Чтение онлайн

ЖАНРЫ

Народ, или Когда-то мы были дельфинами.
Шрифт:

Дафна слышала, как порой новоприбывшие говорили о Мау. Они использовали что-то вроде кода: «бедный мальчик», говорили они, и «как ему тяжело пришлось», и где-то в этих словах прятался невысказанный, но недвусмысленный намёк на то, что Мау слишком молод, чтоб быть вождём. Обычно в этот момент появлялись Мило или Кале, словно тень набегала на солнце при затмении, и разговор переходил на рыбную ловлю или детей. И каждый день Мау становился чуть старше и по-прежнему оставался вождём.

В суде председательствовал Пилу. Он был в своей стихии. Но нуждался в помощниках.

— Нам нужен обвинитель, — объяснила Дафна. — Это человек, который считает, что я поступила неправильно. И защитник, который будет говорить, что я поступила правильно.

— Тогда я буду защитником, — радостно сказал Пилу.

— А обвинитель? — спросила

Дафна.

— Ты.

— Я? Нет, я уже делаю что-то другое!

— Но все знают, что этот человек убил Атабу. Мы видели! — сказал Пилу.

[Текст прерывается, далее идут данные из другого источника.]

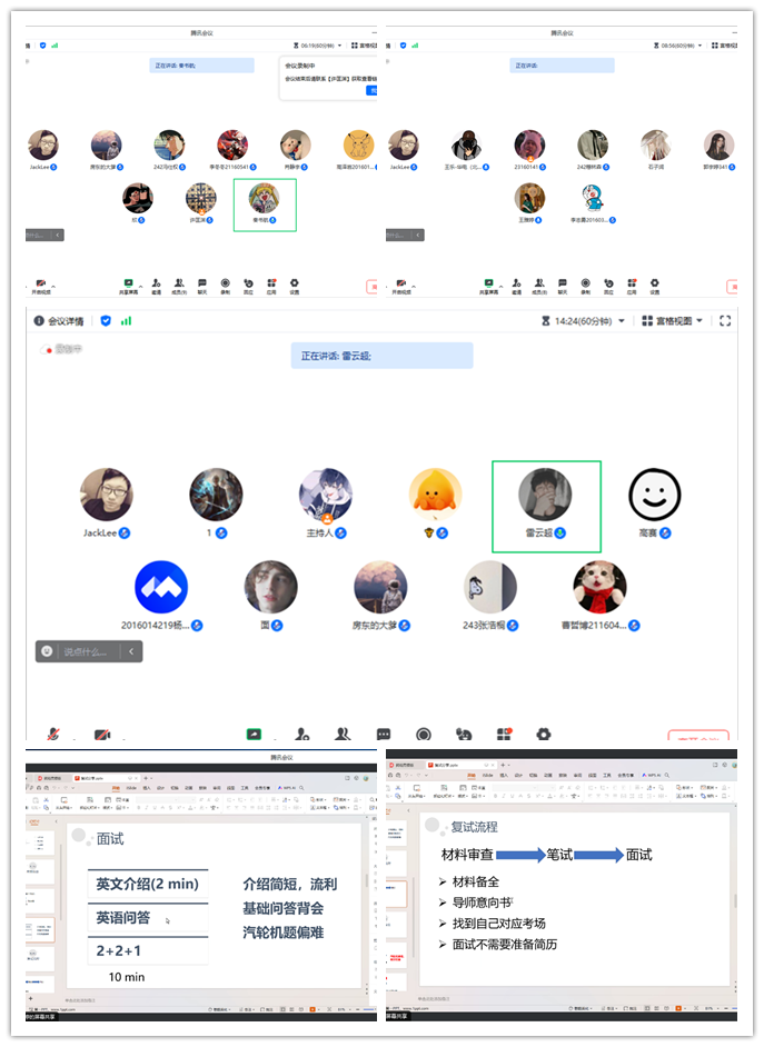 分享会上,来自长安大学的雷云超、高赛,华北电力大学的王雅婷、王乐,武汉理工大学的秦书航、谢欣宇,结合他们自身经历,从备考规划、时间管理、专业学习、复习方法和心态调整等多个方面进行了深入的分享。同时,针对备考过程中可能遇到的困难和挑战,也给出了实用的建议和解决方案。

— Слушай, а что, на острове вообще не бывает убийств?

— Иногда бывает, что кто-нибудь перебрал пива или драка из-за женщин, всякое такое. Весьма прискорбно. Есть история, очень старая, про двух братьев, которые подрались. Один убил другого, но в битве всё могло повернуться по-иному, и тогда убитым оказался бы тот брат, а не этот. Убийца бежал. Он знал, какое наказание положено за убийство, и сам наложил его на себя.

— Ужасное наказание?

— Его ожидало изгнание с острова, он должен был покинуть свой народ, свою семью. Ему не суждено было больше ходить по стопам своих предков, не суждено было спеть погребальное песнопение отцу, слушать песни своего детства, обонять аромат вод своей родины. Он построил каноэ и уплыл в новые моря, далеко, туда, где солнце обжигает людей, раскрашивая их в разные цвета, а деревья каждый год умирают на полгода. Он прожил много жизней, много повидал, но в один прекрасный день нашёл место, лучше которого быть не могло, потому что это был остров его детства, и он шагнул на берег и умер счастливым, потому что вернулся домой. Тогда Имо превратил этих братьев в звёзды и поместил в небе, чтобы мы помнили о брате, который уплыл так далеко, что в конце концов вернулся.

«Боже мой, — подумала Дафна, представляя себе умирающего брата, — это так печально. Но у этой истории есть ещё один смысл. Она — о человеке, который уплыл так далеко, что вернулся обратно… О, я обязательно должна ещё раз пойти в ту пещеру!»

— Но девочка-призрак и так уже изгнана, — заметил Мау. — Волна изгнала её на наш остров.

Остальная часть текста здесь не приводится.